With regard to data categorization, firstly, a total of 1204 indicators in 91 studies were extracted and after detailed examination, 43 indices (such as hospital ownership, level of care, admission process, and personal discipline) were removed due to their generality and impossibility of calculation in the hospital environment. Then, 1161 performance indicators were entered in this research and were categorized based on the performance criteria (more details about the indicators can be found in Appendix 1 ). Secondly, 145 functional dimensions, including divisions based on different departments and units of the hospital, were defined according to several focus group discussions with 5 health experts. Then, re-categorization and functional summarization were performed, after which 21 performance dimensions were finalized.

As shown in Table  4 , the 21 performance dimensions were divided into three parts: category, subcategory, and related indicators. Additionally, according to the hospital levels, there were three categories: ‘organizational management’, ‘clinical management’, and ‘administrative management’. Then, according to the type of indicators, fifteen subcategories were defined for the 110 selected main indicators.

Performance dimensions

The ‘productivity’ dimension focuses on indicators reflecting the macro-performance of the hospital, considering that this index is more effective and efficient. The ‘efficiency’ dimension focuses on general performance indicators for the optimal use of resources to create optimal output in the hospital. The ‘effectiveness’ dimension is a general performance indicator with an outcome view. The ‘speed’ dimension focuses on the indicators that show attention to the service delivery time and the speed of the procedures. The ‘development’ dimension focuses on matters related to employees’ and students’ training and related training courses. In terms of ‘safety’ dimension, there were issues related to patient safety, unwanted and harmful events, and hospital infections.

The “quality of work life” dimension emphasizes matters related to personnel volume and work conditions. The ‘quality’ dimension is related to the quality of service provided in different parts of the hospital and possible complications in improving the quality of services. The ‘satisfaction’ dimension focuses on the satisfaction of patients, employees, and their complaints. The ‘innovation’ dimension relates to the research process and its output. The ‘appropriateness’ dimension involves proper service from clinical departments, pharmaceutical services, and patient treatment. The ‘evaluation’ dimension focuses on the indicators related to the assessment scores of the para-clinical departments of the hospital.

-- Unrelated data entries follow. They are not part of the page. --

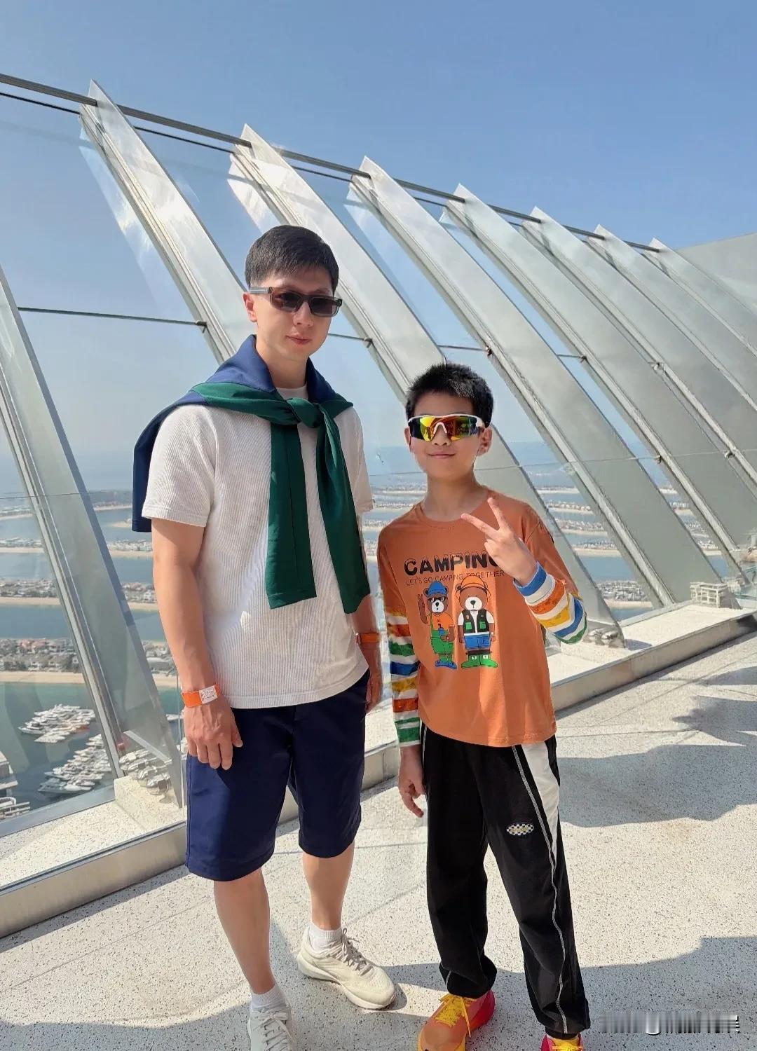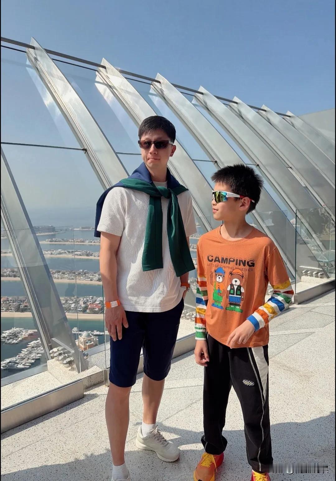 马龙在迪拜这造型,帅过男模啊! 他在迪拜的观景平台被人偶遇,穿着一件白色短袖配短裤,肩膀上还搭了一件绿色的毛线衣,戴着眼镜,个子高挑,肤色超级白,脸也很小,胳膊、腿上的肌肉线条紧致结实,看着阳光、清爽又帅气。 果然,有老婆的眼光加持,这时尚穿搭能力又上了一个台阶。 他们一家子都在迪拜度假,享受美好的幸福时光,“六边形战士”的生活好安逸![呲牙]
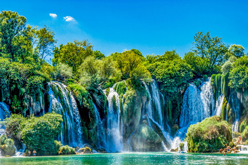 Wenn ihr etwas Zeit übrighabt und einen kleinen Ausflug machen möchtet, dann empfehlen wir euch die Kravice Wasserfälle. Diese befinden sich 40 Kilometer südwestlich von Mostar. Hier fließt der Fluss Trebižat an mehreren Stellen bis zu 30 Meter in Wasserfällen hinab. Im Sommer lässt es sich hier wunderbar schwimmen und ein naheliegendes Restaurant sorgt für Stärkung.
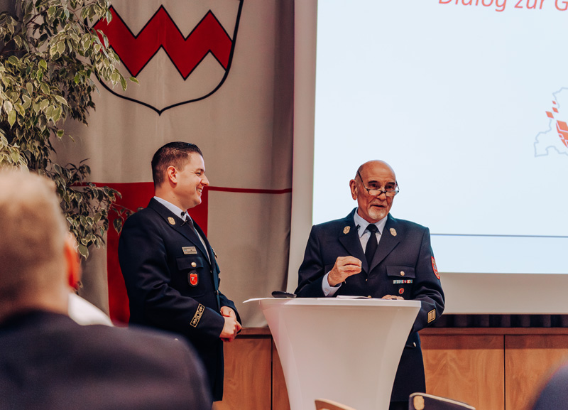 Ein Höhepunkt des Abends war der dialogisch gestaltete Rückblick mit Ehrenkreisbrandrat Erwin Zehrer, der die Gäste auf eine Zeitreise durch die Historie und Entstehungsgeschichte des Verbandes mitnahm. Er sprach über die Herausforderungen der Wiedergründung 1995, über anfängliche Skepsis in einigen Gemeinden – aber auch über die Überzeugungsarbeit, die schließlich alle Feuerwehren zum Beitritt bewegte.
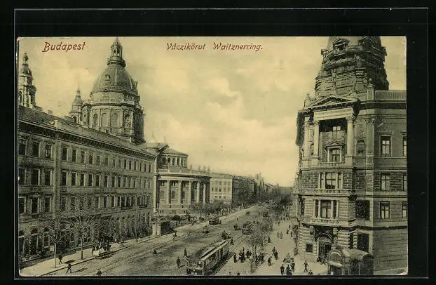 AK Budapest, Waitznerring mit Strassenbahn

The ‘profitability’ dimension focuses on the overall output indicators for income and profitability. The ‘cost’ dimension focuses on indicators related to general expenditures and the average cost per bed and patient and budgeting. The ‘economy’ dimension is related to financial rates and their indicators. The ‘coherence’ dimension emphasizes the indicators related to the continuity of the service delivery process. The ‘patient-centeredness’ dimension focuses on the indicators related to the patient’s experience of the facility, environment, treatment processes, communications, and relevant support for the patient. The ‘equity’ dimension studies indicators related to social and financial justice and life expectancy. The ‘relationship’ dimension evaluates the process of consultations and discussions required during the patients’ care provided by the treatment team. The ‘sustainability’ dimension focuses on indicators related to energy standards. The ‘flexibility’ dimension focuses on the hospital’s response to the crisis.

According to Table  4 , most studies focused on ‘efficiency’, ‘productivity’, ‘safety’ and ‘effectiveness’ as performance dimensions in 54, 53, 38 and 37 studies, respectively (40–70% of studies). In the ‘efficiency’ subcategory, resource management, supportive unit assessment, and human resource management indicators were the first to third most common indicators used in 26, 23 and 22 studies, respectively (approximately 25% of the studies).

In addition, for the ‘efficiency’ dimension, ‘medical staff numbers’, ‘emergency department bed numbers’, and ‘nonmedical staff numbers’ were reported in 16, 13, and 11 studies, respectively (between 20 and 30% of the studies). For the ‘productivity’ subcategory, ‘bed utilization rate’ and ‘service delivery and treatment’ were reported in 50% and 20% of the studies, respectively (46 and 19 out of 91).

Additionally, for the ‘productivity’ dimension, the ‘length of stay’ indicator was used more than others and reported in approximately 80% of the studies (43 out of 53), followed by the ‘bed occupancy rate’ in approximately 40% of the studies (21 out of 53). The ‘bed turnover ratio’ and ‘hospitalization rate’ were also reported in 12 studies. Furthermore, for ‘safety’ dimensions, all indicators were in the ‘patient safety’ subcategory, which has been reported in 38 studies, and ‘complications’, ‘accidents or adverse events’, and ‘incidents or errors rates’ were the most concentrated indicators by researchers in 13, 12, and 11 studies, respectively. The performance dimension of ‘effectiveness’ was presented in 37 studies (40%), with only two indicators, ‘mortality rate’ in 29 studies and ‘readmission rate’ in 23 studies.

Performance categories

Considering the three categories shown in Table  4 , ‘organizational management’ indicators were more commonly used among the other two categories (‘clinical’ and ‘administrative’) and were present in more than 85% of the studies (78 out of 91). Two categories, ‘clinical management’ and ‘administrative management’, were reported in 62 and 51 studies, respectively.

Performance subcategories

Considering the 14 subcategories shown in Table  4 , both the ‘bed utilization rate’ and ‘patient safety’ indicators were mentioned in 46 studies and were more common among the other subcategories. The second most common indicator of the ‘financial management’ subcategory was reported in 38 studies. At the third level, both the ‘human resource management’ and ‘time management’ indicators were presented in 31 studies. The ‘paramedical’ subcategory indicators were presented in less than 10% of the studies [ 60 , 96 , 97 , 98 , 106 , 113 ].

Performance indicators

According to the indicator columns in Table  3 , the most used indicators in reviewed studies were the length of stay, mortality rate, and readmission rate in 47%, 32%, and 25% of studies, respectively. Bed occupancy rate and non-personnel costs were reported in 23% of studies. Additionally, among the 110 indicators, 16 indicators, namely, the lab cancellation rate, exam-physician ratios, number of coded diagnoses, number of medical records, laboratory sample/report intervals, medical information request time, safety standards in the archives, nutritional risk screening, imaging quality control failures, errors in medical reports, average impact factor, nutritional measures, laboratory scoring, imaging inspection, discharge process and emergency response rate, were reported in less than 1% of the studies.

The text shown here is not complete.